The inconvenient truth for Boris Johnson is his own government’s pandemic laws were used unyieldingly against thousands of people, whether or not they had set out to flout the rules. The chef at a wine bar in Brockwell was fined £1,200 for the behaviour of his customers. ‘My ignorance is not an excuse’, he said, holding his hands up to a Covid-19 crime. ‘As the chef of the restaurant I will take the blame.’

The undoubted low point of Partygate came with the revelation of two Downing Street leaving dos on the night before Prince Philip’s funeral, forcing the Prime Minister into a grovelling apology to the Queen. Meanwhile, a Hackney woman who threw a party on the day of the funeral itself ended up with a £12,000 fine, as well as the opprobrium of the police for her ‘totally unacceptable and disrespectful’ actions. While the Prime Minister’s apology was no doubt humiliating, it is not on the same level as a criminal prosecution. Many struggle to understand why the Met Police is resisting calls to even investigate the goings-on at Downing Street.

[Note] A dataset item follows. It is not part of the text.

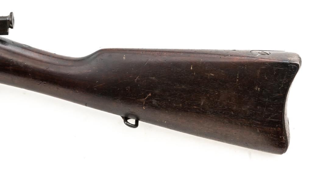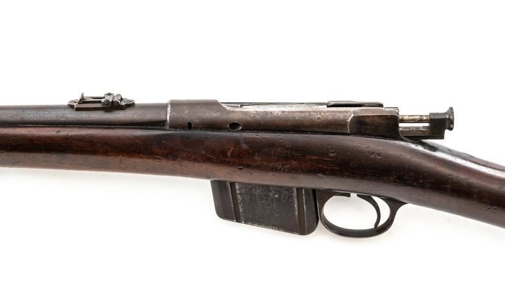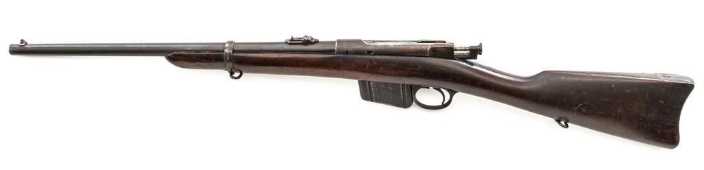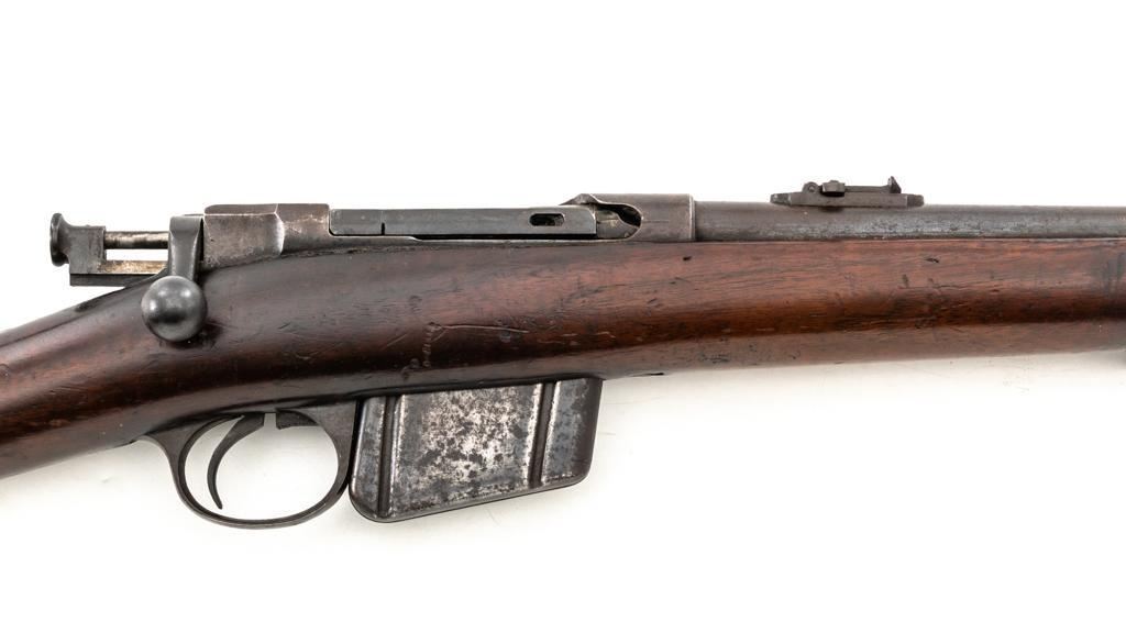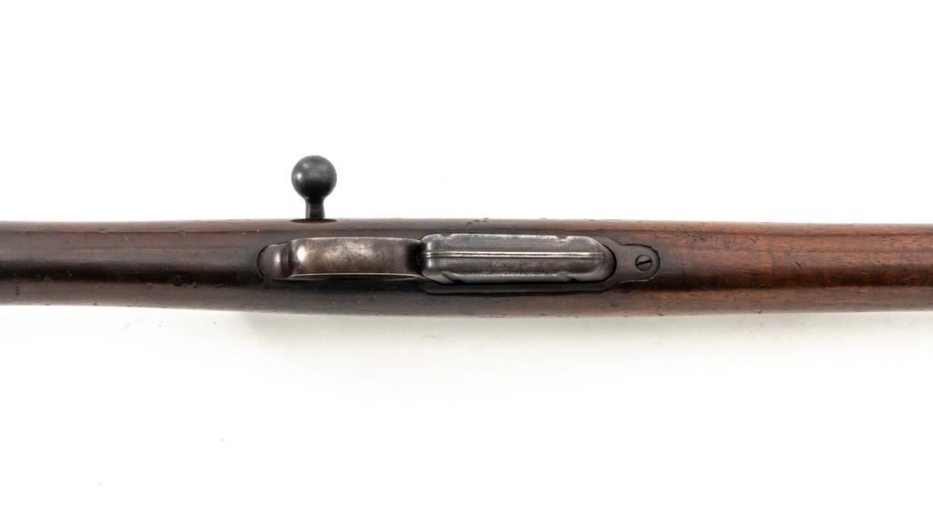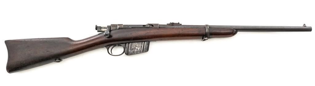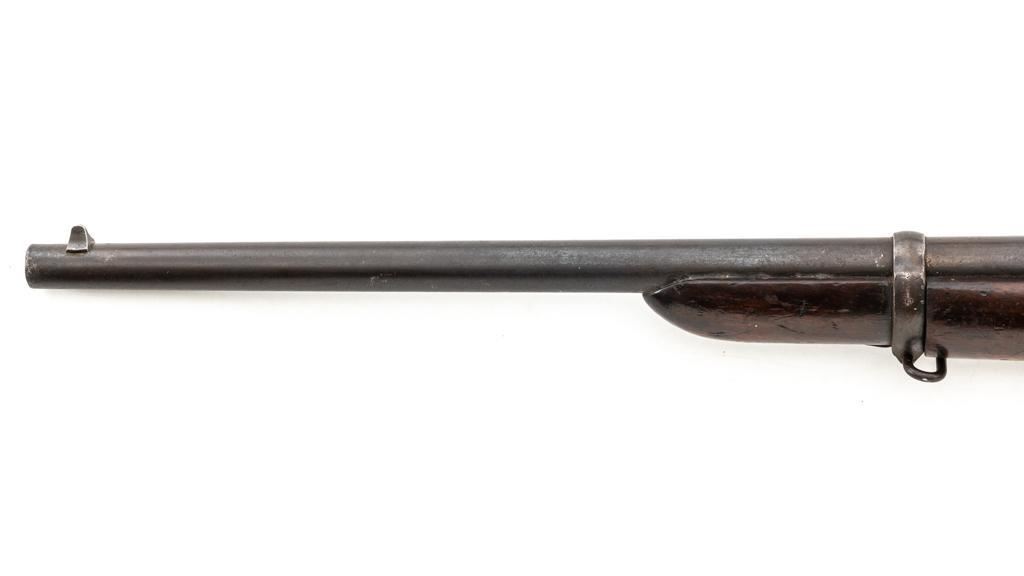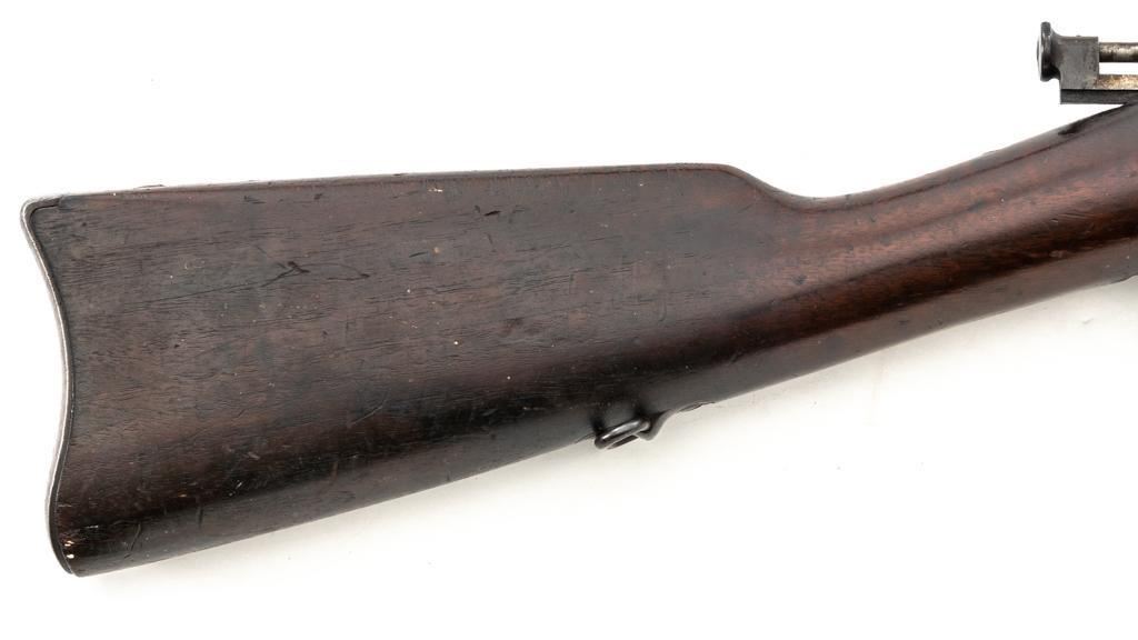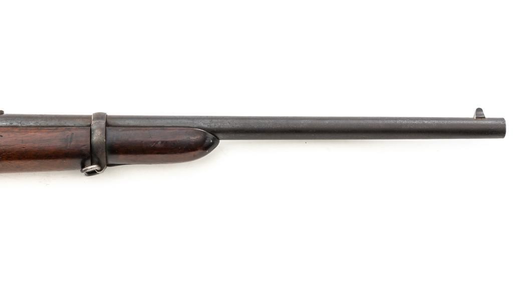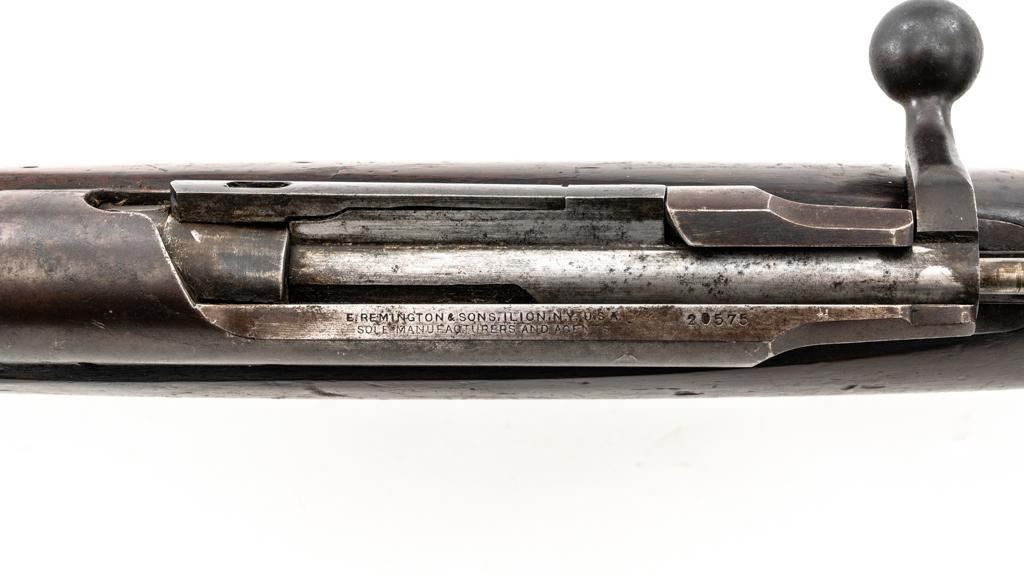 Remington-Lee Commercial Bolt Action Carbine, #20575, .45-70 cal., 20'' barrel, blued finish, walnut stock, blade front sight, and ''V''-notch rear sight. This is an original carbine, not a cut down rifle. Receiver is marked ''E. REMINGTON & SONS ILION N.Y. U.S.A./SOLE MANUFACTURERS AND AGENTS'' on the left side. Magazine is two-position and unmarked. Correct carbine rear sight is installed. Rifle is in good condition. Metal is mostly patina, with light rust on the barrel. Stock is in good condition, with dents and scratches throughout, and the buttplate has pitting. Action works properly. Bore is good with defined rifling but light pitting throughout. Est.: $1,400-$1,800. (Antique)

The government’s travails have brought a focus on Covid-19 prosecutions, which have slipped largely under the radar due to the opaque way in which they have been prosecuted. Most cases are dealt with behind-closed-doors in the Single Justice Procedure (SJP), which is normally reserved for punishing people for low-level crimes such as littering, speeding, and dodging train fares. In this secretive process, I have discovered magistrates misunderstanding the Covid laws, a defendant prosecuted despite being told ‘case closed’ by police, lockdown breakers threatened with Tasers by over-zealous officers, and offenders left with five-figure fines that will take more than a decade to pay off. This only adds to the sense of injustice in the system.

While some, in the wake of Partygate, are demanding an amnesty on Covid prosecutions and rebates for those who have been fined, the least we should expect is an equal system, whether you live in Hackney, Catford, or Downing Street.